You can choose between Columbia University neuroscientist Jonah Lehrer, who’ll teach you when to rely on your gut and when to think things through with his book How We Decide; psychology professor Jonathan Haidt’s The Happiness Hypothesis: Putting Ancient Wisdom to the Test of Modern Science, or, forthcoming this January, Help! by Oliver Burkeman, the journalist who’s spent the last five years trawling the self-help industry for tips that actually work.
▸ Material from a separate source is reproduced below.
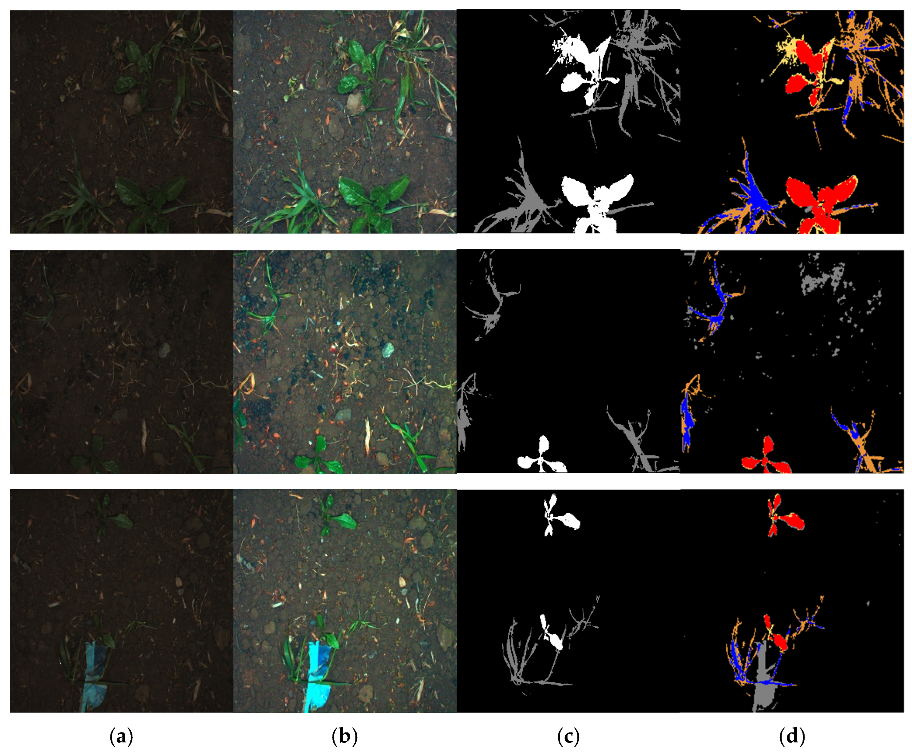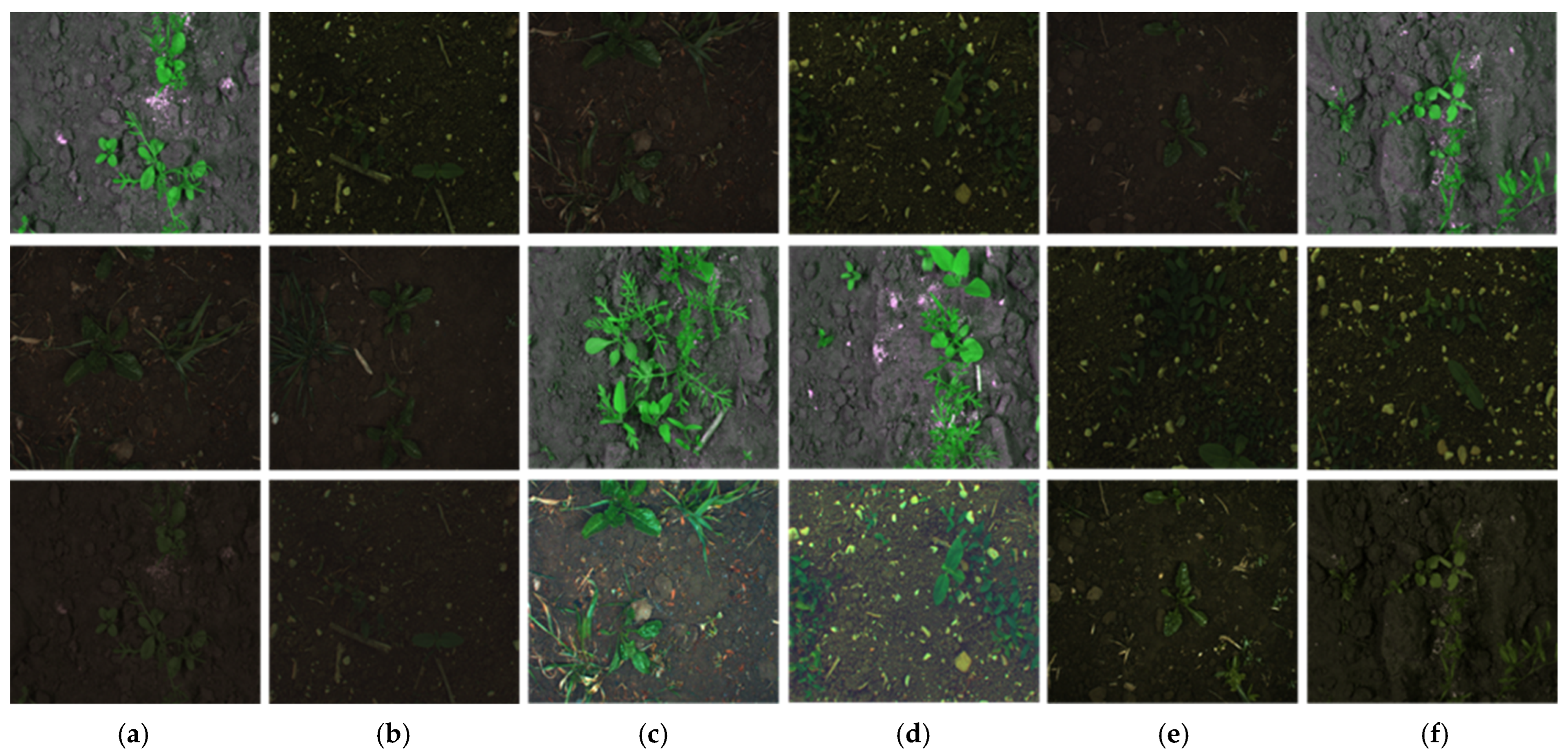 - Fawakherji, M.; Potena, C.; Pretto, A.; Bloisi, D.D.; Nardi, D. Multi-Spectral Image Synthesis for Crop/Weed Segmentation in Precision Farming. Robot. Auton. Syst. 2021, 146, 103861. [Google Scholar] [CrossRef]

Guides to personal development aren’t just for the gullible and the delusional any more—they’re for all of us.

The School of Life, a quirky adult learning centre in Bloomsbury, deals in the same mixture of soul-searching and fact-finding as many of these books and, in mid-January, it’s organising a one day course taking a look at whether the self-help industry is making anyone happier. De Botton, a faculty member of the School, is one of the speakers, as is Burkeman, who explained his views to me over the phone.

“There’s a group of people, who I used to belong to,” he said, “who feel as though all that self-help stuff is just embarrassing and ridiculous. But if you approach it with a sort of sceptical, but not cynical, mindset, you’ve got a good chance of changing for the better. I don’t think that we should surrender the whole world of self-improvement to gimlet-eyed, grinning positive-thinking gurus.”

He counselled making small changes, rather than going for a total life overhaul come January 1st, and said that will power is a finite resource that can run out if we try to do too much (his own book is subtitled, modestly, “How To Become Slightly Happier and Get a Bit More Done.”) Online resources he recommends include sites by Gretchen Reuben, Merlin Mann and Jonah Lehrer, and says that one of the techniques he’s come across that has worked for him is a “gratitude journal.”

“It sounds corny,” he said, describing a book in which he notes down everything for which he’s thankful, “but the fact is that there is proper, bona fide research that it makes significant impact on mood, and even on physical health.” Help! is full of practical tips like this that make self-help seem as straightforward as bike maintenance, and Burkeman’s obvious discomfort at recommending something that sounds so trite seems like a good reason to trust what he says.

Of course, there’s more than one way to get motivated to make a change in the New Year. One option, counselled by another participant in the School of Life’s Self-Help Summit, is just to get lost in a good novel.

“I genuinely think that you can get a lot more out of reading Anna Karenina than reading a self-help book,” Ella Berthoud told me, pointing out that “you live another life while you’re reading a novel; that helps you learn about how to deal with different situations.”

Berthoud offers a service called bibliotherapy. After a consultation about the client’s literary tastes and personal life, Berthoud offers a prescription of eight life-changing novels. It sounds much more fun than sitting through a motivational seminar or learning about your brain’s wiring, although it’s more likely to be helpful when making grand life plans, rather than helping with the nitty-gritty of getting more work done or being a bit nicer to people.

Whatever inspiration you use to help you become a bit better, there’s no excuses for failing to keep a New Year’s Resolution in 2011. This new wave of self-help books transforms the topic of personal development from brainless cheerleading into a science project you can geek out on. Even ultra-rationalist Prospect readers should be able to get into that.